EMBOSS: Project Meeting (Monday 11th Oct 2010)

EMBOSS: Project Meeting (Mon 11th October 10)

Attendees

EBI: Peter Rice, Mahmut Uludag, Michael Schuster
Visitors:
Apologies: Alan Bleasby, Jon Ison,

1. Minutes of the last meeting

Minutes of the meeting of 4th October 2010 are here.

2. Maintenance etc.

2.1 Applications

None.

2.2 Libraries

2.3 Other

The server.srs database definitions for the EBI SRS server now include the various UniRef databases clustering UniProt protein sequences by percent identity.

3. New developments

3.1 Axis2C

Mahmut has been testing Axis2C as an alternative way to implement the SOAP protocol in EMBOSS. There were problems in compiling the original source release on the EMBOSS machines, but it worked on other EBI machines.

With the binary release of Axis2C there were problems in linking to EMBOSS.

Axis2C is very large compared to gsoap which only needed one source file and one header file in EMBOSS, but we may be able to use an existing Axis2C installation.

Axis stub generation can be done at install time if we use stubs with dependencies n axis2java.

Mahmut is waiting for a reply from the author of gsoap.
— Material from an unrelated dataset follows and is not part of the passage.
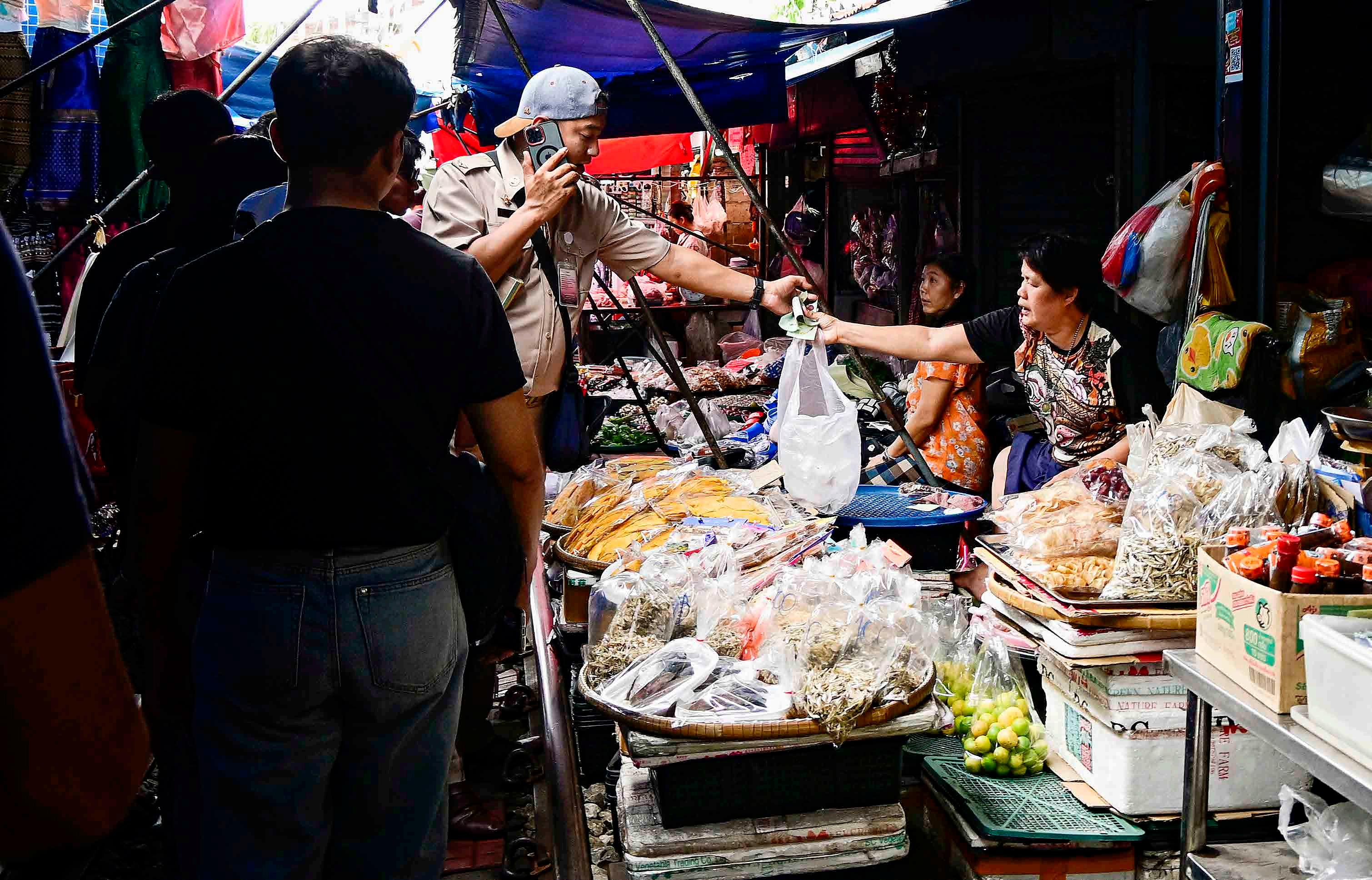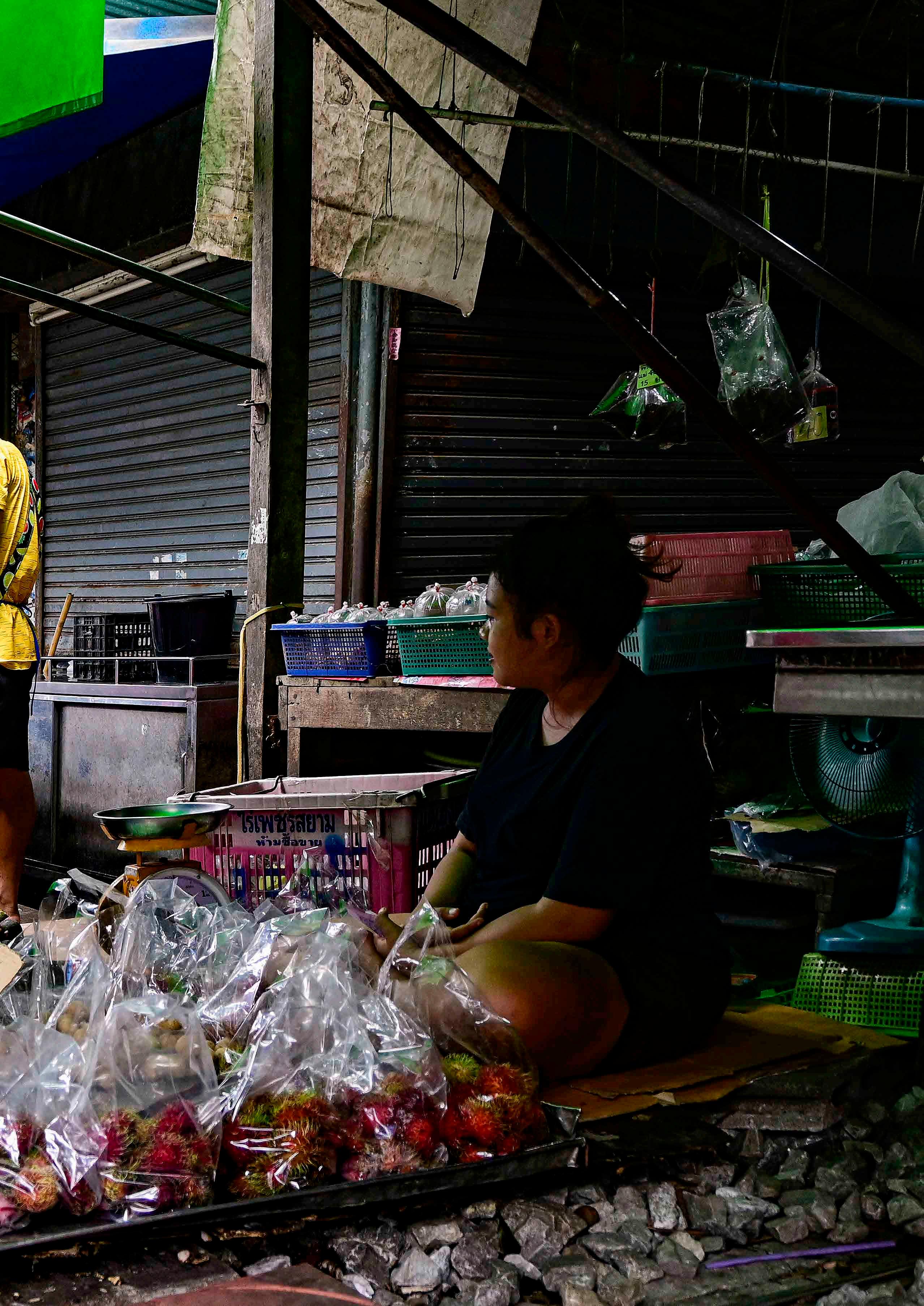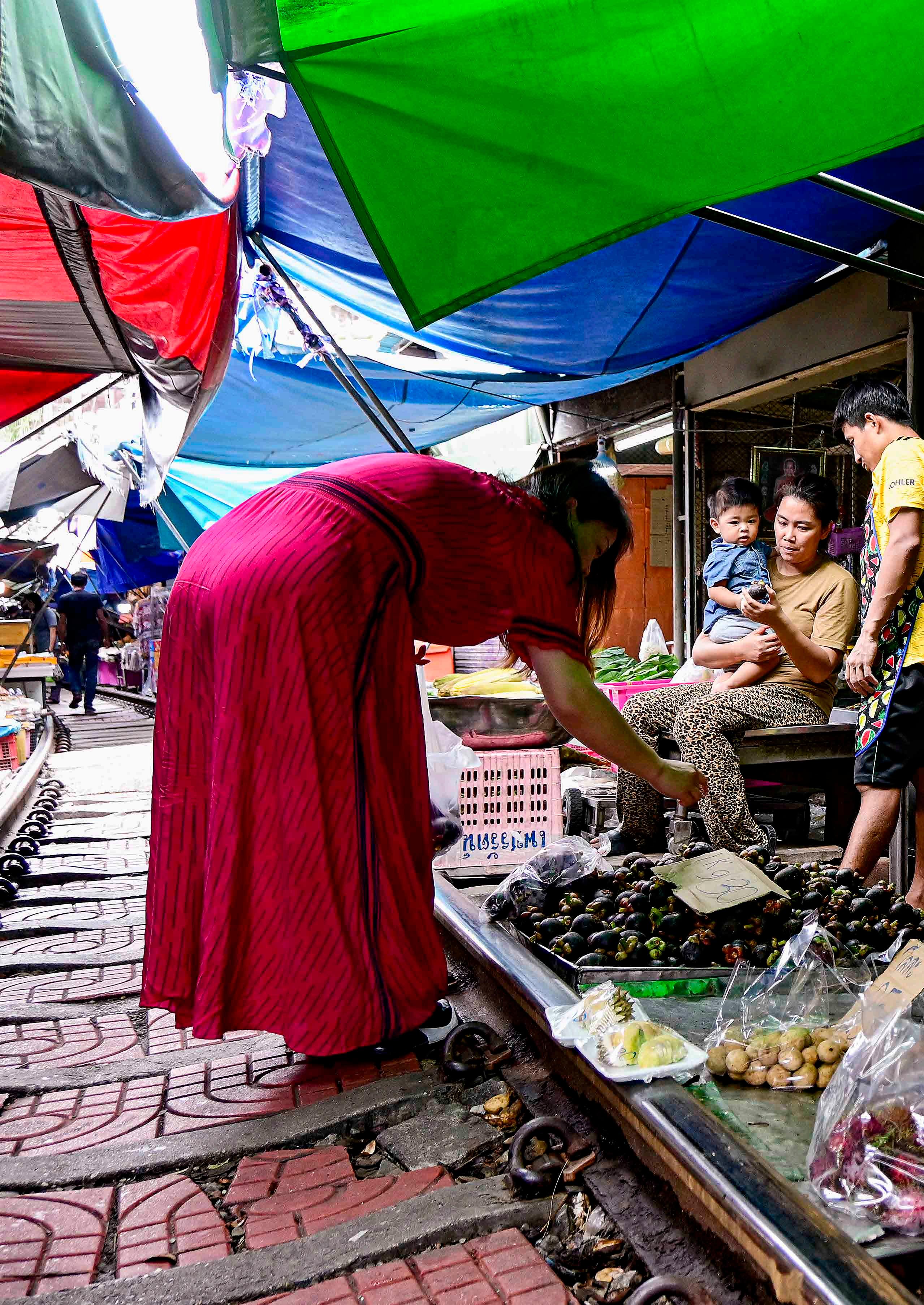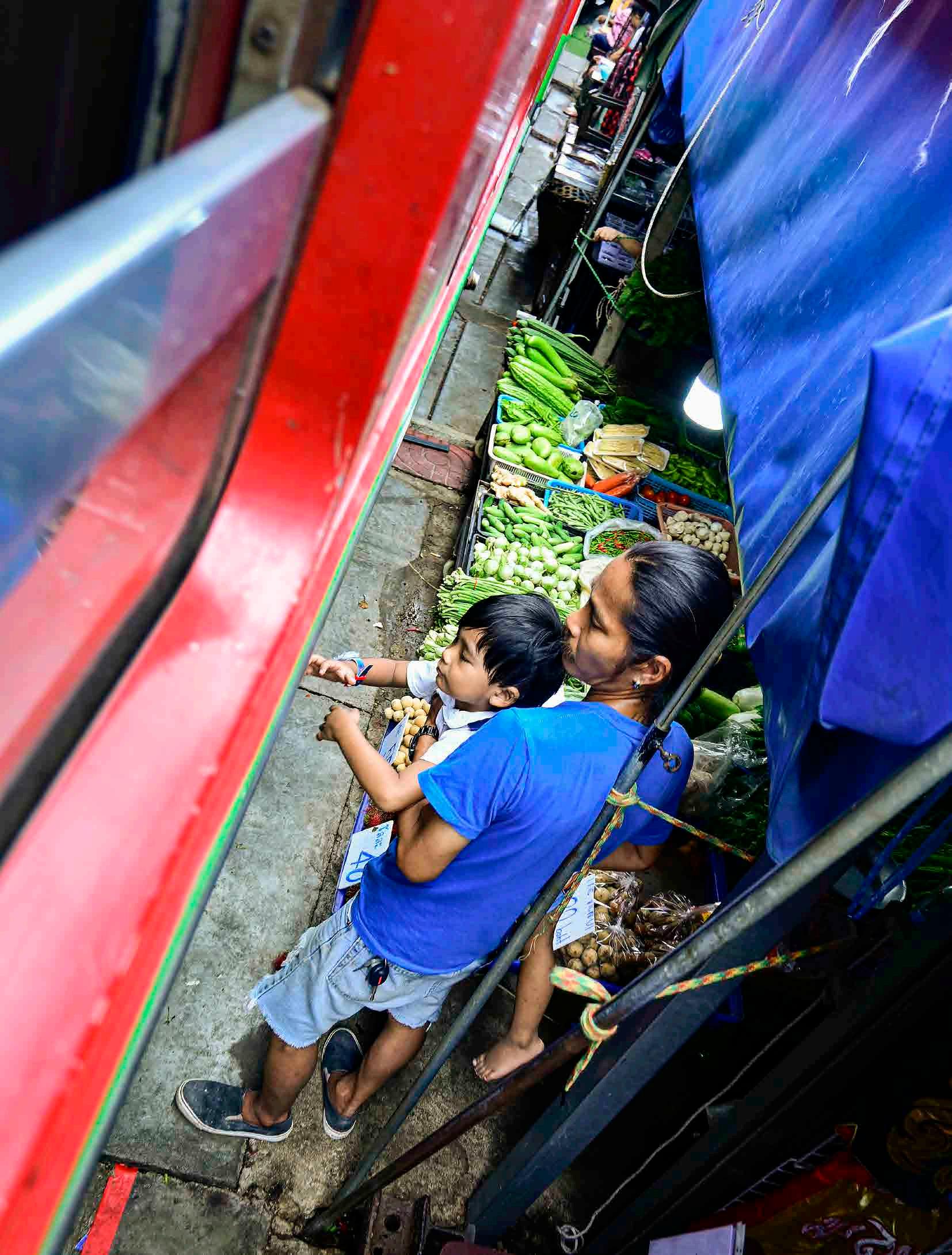Enquanto não passa o trem, o mercado é um típico mercado tailandês, o que inclui por vezes a presença de famílias de vendedores com crianças.
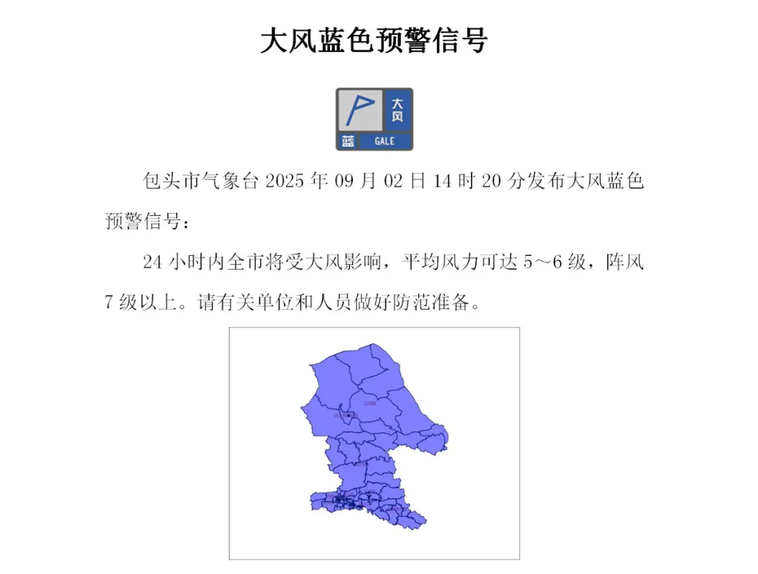 包头市气象台2025年09月02日14时20分发布大风蓝色预警,24小时内全市将受大风影响,平均风力可达5~6级,阵风7级以上。大风天气对于部分行业部门、生产经营单位正常运行和公众生活可能带来影响。包头市安全生产委员会办公室、包头市防灾减灾救灾委员会办公室:

Mahmut also looked at the ajdom source code. There is limited documentation as it has not been used by EMBOSS release code although it is used by BioMart code internally. The function names are compliant with the W3C DOM specification. This is still active, for example in Internet Explorer 9, but it is not clear how to query tags in an XML file that has been read and parsed.

3.2 Data access methods

Peter discussed the possibility of defining an identifier prefix as an attribute of a DB definition so that it could be prepended to an incomplete identifier in a query (e.g. Ensembl identifiers with missing zeroes added). This was not generally useful as identifiers are usually copied from somewhere else and it is a non-standard way to represent them.

Mahmut has improved DAS feature reading using XPath. Results are output in DASGFF format to test for loss of information. The parser is simple, and does not so far handle multiple notes tags.

Michael suggested possibly converting DAS parsing outputs into Ensembl objects using the location as a reference.

The parser fails to define a feature ID which is needed for output.

Michael is dumping sequences for now from Ensembl, but wants to use the Ensembl mapping functions to also retrieve feature information (repeats, genetic variation, transcripts and exons). The ensslice objects can be used to create EMBL features.

Ensembl feature types and tags will need to be mapped to the EMBOSS internals. Peter can make a list of feature types and tags into appropriate Efeatures.ensembl and Etags.ensembl configuration files.

3.3 EDAM

None. Jon is away this week.

3.4 Data types

Peter has reorganised the source code for each datatype into a set of files. In ajax/core there are:

object definitions ajwxyzdata.h
general datatype object handling code ajwxyz.c/h
input and output ajwxyzread.c/hajwxyzwrite.c/h

In ajax/ajaxdb there are:

datatype-specific access methods in ajwxyzdb.c/h

and data access can also use any text-based access method in ajax/ajaxdb/ajtextdb.c if the database has an appropriate datatype-specific format defined.

4. Administration

4.1 Advisory Board

The first EMBOSS Scientific Advisory Board meeting is scheduled for Friday 5th November.

4.2 Interim report

BBSRC require an interim report on progress in the first part of the funding period. Peter will make a first draft.

5.0 Documentation and training

None.

6. User queries and answers

All done.

7. AOB

None.

8. Date Of Next Meeting

The next EMBOSS meeting will be on Monday 18th October. Peter and Mahmut will be away.